The rat tat tat tat of gunfire is white noise to him at this point. His friends fall with strangled screams. Curses fly through the air, louder than bullets. They're being pushed back and soon there will be nowhere left to go but into the darkness. No, he'll go down fighting. That's what he told Steve. Even if it always ends in a fight, keep fighting. He grits his teeth and squeezes the trigger and mows down two Nazis bearing down on him. He keeps holding the trigger, letting out a fierce, animal howl as he shoots the enemy: guys his age, fighting for what they believe in, same as him. What makes him any more right than they think they are?
He fires until his clip is empty and then dives into a trench when he realizes he's out of ammo. His heart beats hard and he spits dirt out of this mouth and winces at the pain in his shoulder. He's got nothing, no spare clips or even loose bullets. The only one in the trench with him is Godfrey, the guy from North Dakota, or maybe it's south, doesn't matter anymore, because Godfrey is dead, riddled with bullet holes.
Bucky's hands tremble as he searches the body for ammunition. He's shaking all over as Godfrey's empty brown eyes stare him down. He does not want to die, but he needs to accept that he, too, will be like Godfrey: dead in this ditch in nowhere, Italy.
And then it's quiet. So quiet he can hear his heart pounding against his sternum, hear his blood pulsing through his veins. He takes a deep breath and clutches his tags. Sergeant James Buchanan Barnes, 107th. Son. Brother. Friend. He feels tears streak down through the grime covering his face and a whine catches in his throat.

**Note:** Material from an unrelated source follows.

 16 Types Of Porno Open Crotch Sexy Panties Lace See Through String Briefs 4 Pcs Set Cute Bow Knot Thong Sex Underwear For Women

This is how the world ends. Not with a bang, but a whimper.
But then there is the bang and it is loud and he closes his eyes and tries not to choke on the mud as he lies face down in the ditch to protect himself from the firestorm overhead.
When all is silence but for the crackling of the burning tree skeletons, he dares to look up. The fields are littered with Nazi bodies. He's shaky as he climbs out of the trench, and soaked through from the mud; or maybe he pissed himself, he can't even be ashamed of the possibility he's just so thrilled to be alive. Other guys are doing the same thing, popping up to get a good look at their saviors, too wary to cheer just yet.

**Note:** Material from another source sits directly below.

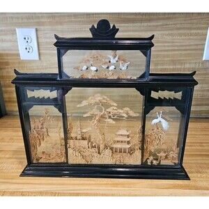 Vintage Chinese Cork Craving Diorama 4 screens handmade 17”L X3” W 15” H

The tank that fired on the Nazis is huge, bigger than anything either side has and Bucky knows the cold feeling in his gut isn't fear. It's despair. The soldiers that come out of the tank and onto the field aren't wearing the twisted cross of the Nazis, nor the symbols of the Allies. They are a new contender, well armed with weaponry Bucky's never seen before. They shout across the quiet field: orders, by the tone of it. They begin to round up the survivors. Those that resist are shot by a pulse of blue light energy that disintegrates them on the spot.
Bucky drops his gun.
He lets them take him.
He's too tired to resist and if he's going to die, he'd rather just die than be simply… unmade.
They stagger on for days and nights that blend together in flashes of fire and blue energy. They don't speak; they're too tired, too scared. Some drop dead along the muddy roads. If there is a God, Bucky wonders what he did to piss him off. No, the odds were never very good of him surviving Europe, so why does he keep beating them, unless by some sadistic cosmic game?
He barely realizes it when the thick metal gates clang shut behind him. Barely feels it when an armored guard, wearing a red octopus armband, jabs a bayonet into his spine, forcing him into a holding cage with nearly a dozen other dirty, tired men. All he knows is he can stop marching, lie down, and hope for the world to end.